Well, now that I’m done, I can take the train to Iyo-Mishima, where I will be staying tonight. It’s only a few blocks down from the station, but there’s no name plaque or house number. It’s a bit embarrassing ringing up the wrong house, and I begin to circle the block to see if there’s another building. Then, the door opens and a stocky woman with impeccable hair pokes her head out.

‘Are you Ramu-san?’ She asks in a full, raspy voice.

‘Yes, I am.’

‘Come in, come in! I’ve been so worried about you. I didn’t know when you’d be coming with the typhoon!’

Ah, that’s right. Noriko had told me about this obaa-san few days ago, but I’d only confirmed this place last night when I knew my route. I apologise for the inconvenience caused.

‘Nevermind, nevermind. I’ll show you your room. And the bath is ready, so you can take one after you put your things down.’

The house looks like a modern one from the outside, but inside, it feels more like a spacious ryoukan. The ground floor has a bathroom, an entry-way that’s stuffed with items with stories, a kitchen, a back sitting room, and her small bedroom. The hallway is narrow and wraps around each of the rooms. The second floor is accessed through a super-wide and steep stairway. Up here, it feels like a ryokan with a straight hallway flanked by sliding doors leading to four large rooms. I’m given the one at the far end, with the futon and yukata, traditional summer robe.

In the adjacent sitting room, there is a heavy, single-piece wooden table and a massive elephant tooth in the display corner. The other display cases have a handful of other, carefully preserved, items.
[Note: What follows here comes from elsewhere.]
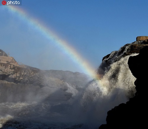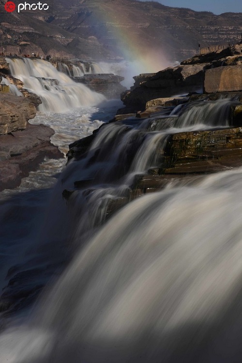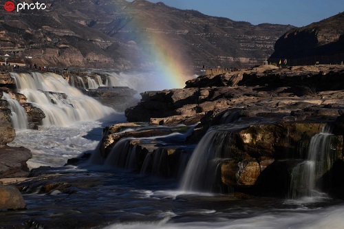 2019年11月25日,山西吉縣黃河壺口瀑布出現(xiàn)“彩虹通天”美景。入冬以來(lái),隨著黃河干流水位回落,壺口瀑布落差加大,滾滾河水翻滾而下,飛濺起30多米高的水霧,在陽(yáng)光的照射下,形成“彩虹通天”的美麗景象,讓游客流連忘返。呂桂明/攝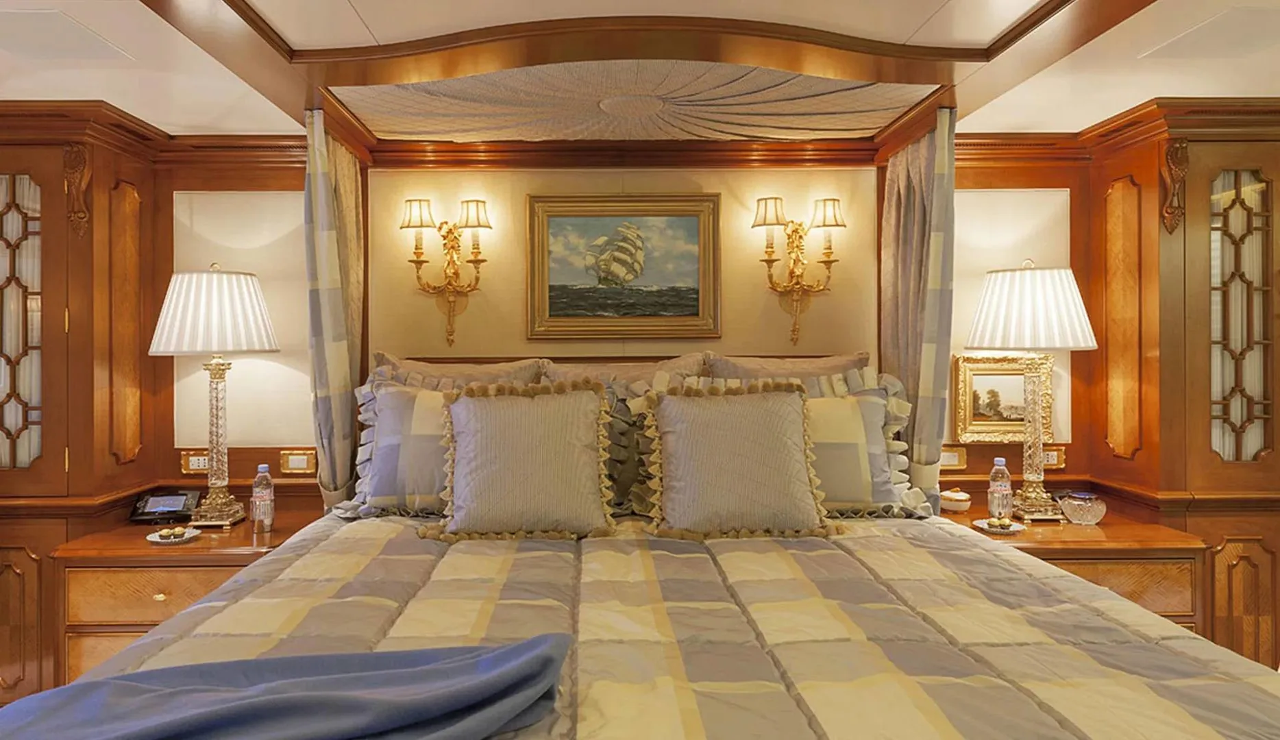 Retreat to the sanctuary of Lady Kathryn V’s sumptuous accommodations, where up to 12 guests are enveloped in tranquility across six exquisite cabins. Each room is a haven, adorned with plush bedding configurations including king and queen-sized options, inviting you to wake up refreshed to the gentle sway of the ocean. The master suite stands as a pinnacle of comfort, while the VIP and double cabins ensure every guest experiences the yacht’s gracious hospitality. Here, mornings are greeted with the soft light streaming through your cabin windows, offering a perfect start to the day’s adventures.

I want to ask about the story behind every single piece.

Obaa-san cheerfully tells me about each and every one of them in a voice textured by age and the filled with the spirit of youth.

After a while, she suggests I go take the bath while it’s still hot, since baths are filled and then covered to preserve the heat. ‘Take your time.’

I never used to be a bath person, but I have come to love a good soak after scrubbing your body clean. In this island country that has no shortage of water, they really know how to enjoy the basic things in life.

When I float back into the kitchen on a cloud of clean warmth, Obaa-san is deep-frying tempura. Dinner is a full spread of cucumber rice, egg and crab meat on more rice, tempura, pan-fried chicken, simmered eggplant and tofu, simmered konyaku and a veggie, and a variety of pickles she’s done herself. It’s an effort to finish because I spent more time eating big meals than walking today. Plus, she’s cooked enough for four. In between, I ask her about how she makes each dish, and that in turn she excitedly gets me to try her homemade pickles.

She makes them and gives them away to neighbours. She has a busy, active life with its own errands and social routines. Her son lives in a close-by city and she shows me pictures of her grandkids. Just then, her grandson phones and tickles her with his cute single sentences.

Part of me wishes I could stay longer. For the evening, I can fantasise about keeping this obaa-san company, trail her through routines, learn how to make family pickles. But she has extended this hospitality to help me in my goal: Yokomine-ji. If I needed a place to settle, Noriko wouldn’t have arranged this. The best way to honour this is to move on and finish the Ohenro.

At 9pm, I tuck in. Even though I haven’t walked much today, a good bath and a full belly trigger rest mode. As I pull over the covers, I remember my own mantra: if you love a place, make sure to have something left unfinished so you can return.

There are so many things unfinished in Shikoku. I think I’ve fallen in love.